When you become involved - in your case for genuine, caring reasons - with vulnerable, lonely and sometimes very needy people you need the support of an experienced, salaried volunteer manager certainly not the fool you have. Leave.

SantasENormaSnob · 07/01/2013 14:21

I wouldn't hesitate in quitting.

And I wouldn't be going in tonight either.

If the stuff has to be returned could your dad just wait in the car for 10 minutes?

mamaslatts · 07/01/2013 14:24

If your dad can give you a lift, can you take all the stuff back tonight but just come home again? That way its a just in/out, 'sorry, dad waiting in the car, have an emergency to tend to' off you go?

Cheddars · 07/01/2013 14:24

As an alternative (if you can bear it) you could tell her that you're increasing your work hours from the beginning of February. This means you'll be able to to do 4 more classes, giving her time to find another victim volunteer and to sort out all the financial stuff. You can be completely guilt-free then.

Selks · 07/01/2013 14:24

Sounds like a good plan OP. And do book a taxi home. You're prioritising the group leader's feelings over your own on this - never mind how she might be feeling, if it is likely to be an awkward ride home then just book a taxi. Put your needs first - she hasn't.

If you are very concerned about M - i.e. risk of harming herself - you could always call the police to do a welfare check at her house or call the local mental health crisis team to see her. Do cut all ties though.

Let us know how you go. Good luck, and stay strong.

Selks · 07/01/2013 14:26

To be honest, I'd be inclined to tell the group leader exactly why you are leaving - that she has been pushy and overbearing and has constantly attempted to harrass you into doing tasks that you have clearly said that you do not want to. Appalling way to treat a volunteer and totally taking advantage of you.

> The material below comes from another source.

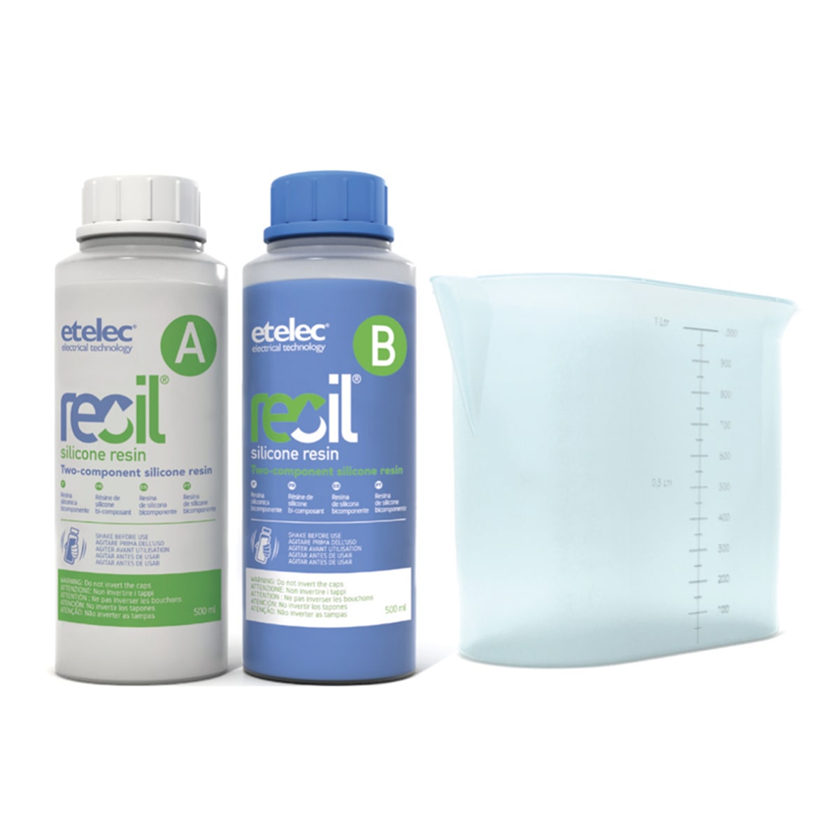 Resil 100 - Resina siliconica bicomponente riaccessibile - 1 litro. Contenuto della confezione: 2 flaconi trasparenti da 500 ml; caraffa graduata da 1 litro. Applicazioni: • Riempimento di cassette di derivazione • Isolamento di connessioni elettriche 0,6/1 kV • Isolamento di schede e componenti elettronici • Ideale per giunzioni di bassa tensione Resil Joint® in linea (Serie RJA) con gusci Serie GSA e in derivazione (Serie RJB) con gusci Serie GSB. Vantaggi: • Riaccessibile • Utilizzabile parzialmente in base alle necessità • Miscelabile in unica soluzione nelle cara#e fornite • Facilmente colabile • Reticolazione rapida e non esotermica • Ottimo isolamento elettrico • Non igroscopica • Buona resistenza meccanica che impedisce il contatto accidentale con parti in tensione • Protezione dagli agenti atmosferici (pioggia, umidità) dalla polvere e dall'intrusione di animali, insetti, foglie • Autoestinguente di classe V0 • Non tossica (priva di isocianati) • Ecologica • Caraffa riutilizzabile facile da pulire

WinterWinds · 07/01/2013 14:29

Yes, Agree with Cheddars, If You feel physically sick at the thought of going tonight then i would be inclined to phone/text the leader and tell her that you are ill and that you will no longer be continuing at the club.

You have to concentrate on your own well being.

If M continues to contact you tell her Firmly that you are no longer a volunteer for the club and all contact must stop. If she ignores this then report to the police.

WinterWinds · 07/01/2013 14:31

Sorry x posted with everyone else Blush

FannyFifer · 07/01/2013 14:32

My goodness, text the leader person and say you will not be attending tonight or ever again due to personal reasons.
Do not reply to further texts or phonecalls.
You are a volunteer who doesn't want to volunteer anymore, that's it, you don't owe anything to anyone & don't feel guilty or bad about it.